神戸製鋼データ改竄、新たに4件不正発覚 子会社工場ではJIS取り消し (1/2ページ)

記者会見で厳しい表情を浮かべる神戸製鋼所の川崎博也会長兼社長=26日午後、東京都千代田区
記者会見で厳しい表情を浮かべる神戸製鋼所の川崎博也会長兼社長=26日午後、東京都千代田区【拡大】

 神戸製鋼所は26日、性能データ改竄(かいざん)問題で機械事業部門などで新たに4件の不正があったと発表した。これまで不正が発覚していたアルミ・銅製品などでは、納入先企業525社のうち約8割にあたる437社の安全性を確認したと公表したが、不正はさらに広い範囲に広がった。子会社の神奈川県内の工場で生産している銅管で日本工業規格(JIS)の認証を取り消されたことも発表した。

 この日、東京都内で記者会見した川崎博也会長兼社長は「安全性の検証完了に向けて最大限努力していく」と述べ、陳謝した。

 新たに不正が明らかになったのは、神戸製鋼の機械事業部門のコーティングサービスのほか、グループ会社の神鋼造機の鋳物と減速機、コベルコ科研の試作合金。検査データの改竄や寸法の測定を一部工程で見送るなどの不正があった。

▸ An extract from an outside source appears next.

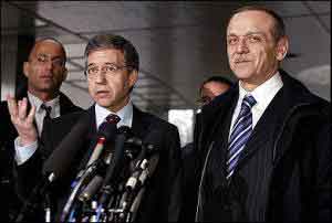Yossi Beilin, ancien ministre de la Justice de l'Etat d'Israël(à gauche) et Abed Rabbo, ancien attaché à l'Information de l'Autorité palestinienne
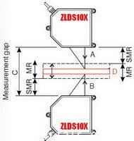在被測體上方和下方各安裝一個激光位移傳感器,被測體厚度D=C-(A+B)。其中,C是兩個傳感器之間距離,A是上面?zhèn)鞲衅鞯奖粶y體之間距離,B是下面?zhèn)鞲衅鞯奖粶y體之間距離。圖中:SMR是指傳感器量程起始間距,MR是指傳感器量程。

 さらに、海外子会社の鉄鋼事業で1件、不正が行われていた疑いがあり、調査を進めていることも公表した。

 一方、過去1年分を対象に不正が発覚した製品に対して行った安全性検証については、出荷先である国内外の525社のうち88社で確認が終わっていない。川崎会長兼社長は「銅板などはサプライチェーンが広く、いつまでに検証を終えるとは現段階で申し上げられない」と述べた。